I like to marinate it for at least 4 hours, but overnight (6–8 hours) gives the deepest flavor.
Can I use chicken breasts instead of thighs?
Yes, but I make sure to slice them thin or butterfly them. They cook faster and can dry out more easily than thighs.
Can I make this recipe gluten-free?
Absolutely. I just use coconut aminos or gluten-free soy sauce to keep it gluten-free.
Do I need to brine the chicken first?
No, the marinade is flavorful and moist enough on its own. I’ve never needed a separate brine.
Can I cook this in the oven instead of grilling?
Yes. I bake the chicken at 375°F until cooked through, then finish under the broiler for a slightly charred finish.
Conclusion
This Huli Huli Chicken always brings a burst of island flavor to my table. It’s easy to prep, fun to grill, and the sweet, smoky glaze never fails to impress. Whether for a backyard BBQ or a casual weeknight meal, I keep coming back to this recipe—it’s just that good.
Print
Huli Huli Chicken Recipe
- Prep Time: 10 minutes
- Cook Time: 20 minutes
- Total Time: 4½–8½ hours (including marinating)
- Yield: 6 servings
- Category: Main Course
- Method: Grilling
- Cuisine: Hawaiian
- Diet: Gluten Free
Description
Huli Huli Chicken is a Hawaiian-style grilled dish featuring juicy chicken thighs marinated in a sweet and tangy pineapple-soy glaze, grilled to perfection and served with pineapple rings and green onions.
Ingredients
- 4–5 pounds boneless, skinless chicken thighs
- ½ cup packed light brown sugar
- ½ cup ketchup
- ½ cup light soy sauce
- ½ cup canned pineapple juice (not fresh)
- 1 Tbsp ginger paste (or minced fresh ginger)
- 1 Tbsp garlic paste (or minced garlic)
- 3 Tbsp apple cider vinegar
- ½ tsp cumin
- ½ tsp coarse black pepper
- ½ tsp smoked or sweet paprika
- Pineapple rings (fresh or canned) for grilling
- ½ cup sliced green onions for garnish
Instructions
- Rinse chicken thighs and pat dry.
- Whisk together brown sugar, ketchup, soy sauce, pineapple juice, ginger, garlic, vinegar, cumin, pepper, and paprika in a bowl or gallon bag.
- Reserve ½ cup of the marinade for basting/serving.
- Add chicken to the remaining marinade, ensuring pieces are submerged.

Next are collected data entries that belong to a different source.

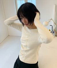 RUCHED SLIM FIT T SHIRT IVORY DOT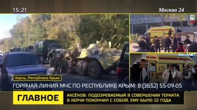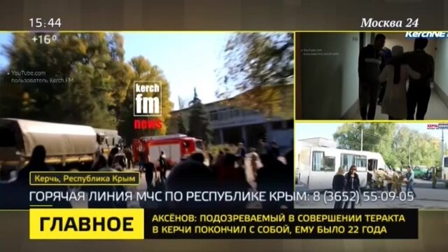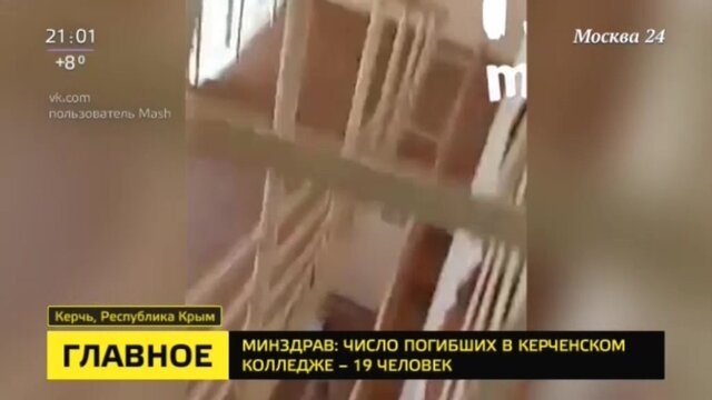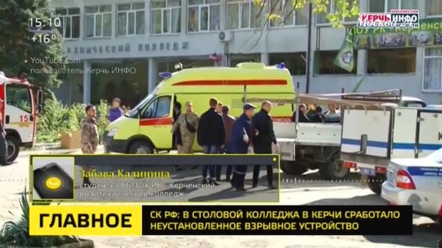 В среду, 17 октября, в политехническом колледже в Керчи произошел взрыв. По информации Центра медицины катастроф, в результате ЧП погибли 19 человек. Количество раненых, по разным Минздрава, 49 человек. Национальный антитеррористический комитет заявил, что взрыв в колледже произошел от неустановленного объекта. Следственный комитет возбудил уголовное дело по статье о теракте, позднее дело было переквалифицировано на убийство двух и более лиц.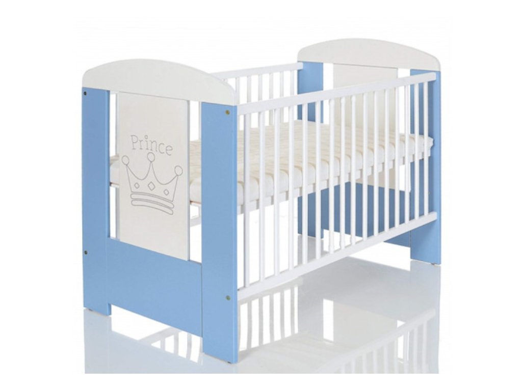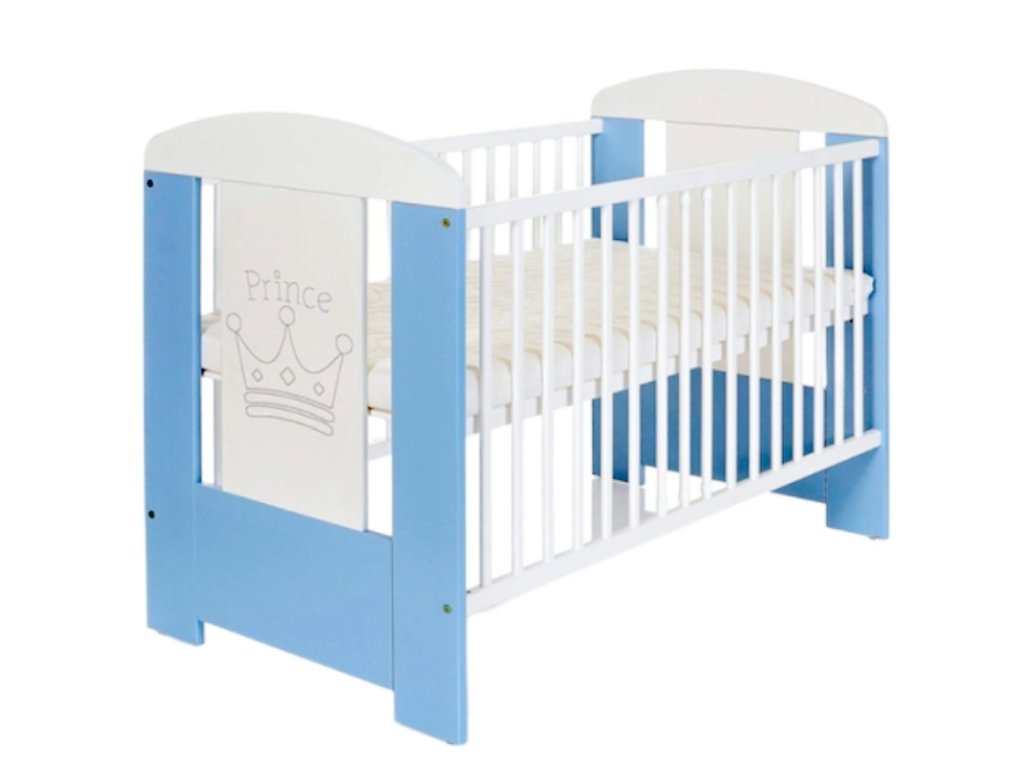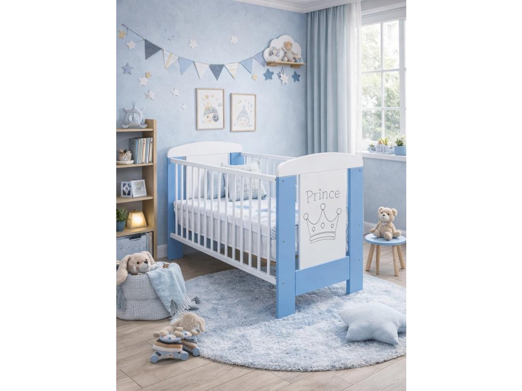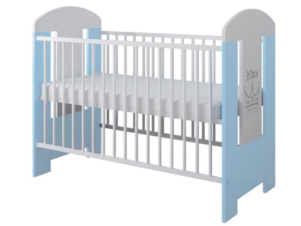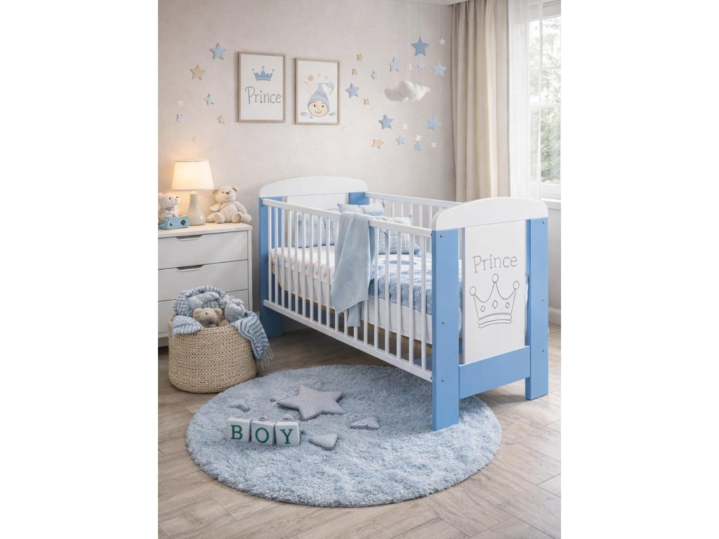 Čelo postýlky zdobí motiv korunky s nápisem Prince, který dodává postýlce jemný a hravý vzhled. Kombinace bílé a modré barvy se skvěle hodí do chlapeckého pokojíčku a snadno se kombinuje s ostatním nábytkem.

Marinate in the fridge for at least 4 hours or overnight.
- Preheat grill to medium-high (about 400 °F). Oil the grates.
- Grill chicken 10 minutes without moving, then flip and grill another ~10 minutes until internal temp reaches 165 °F. Discard marinade used with raw chicken.
- Grill pineapple rings for a few minutes per side once chicken is halfway done.
- Remove chicken and pineapple; brush reserved marinade over chicken. Either broil briefly to thicken or simmer the sauce and brush it on.
- Garnish with green onions, serve with pineapple rings, rice, or macaroni salad.
Notes
- Marinate for at least 4 hours, preferably overnight for deeper flavor.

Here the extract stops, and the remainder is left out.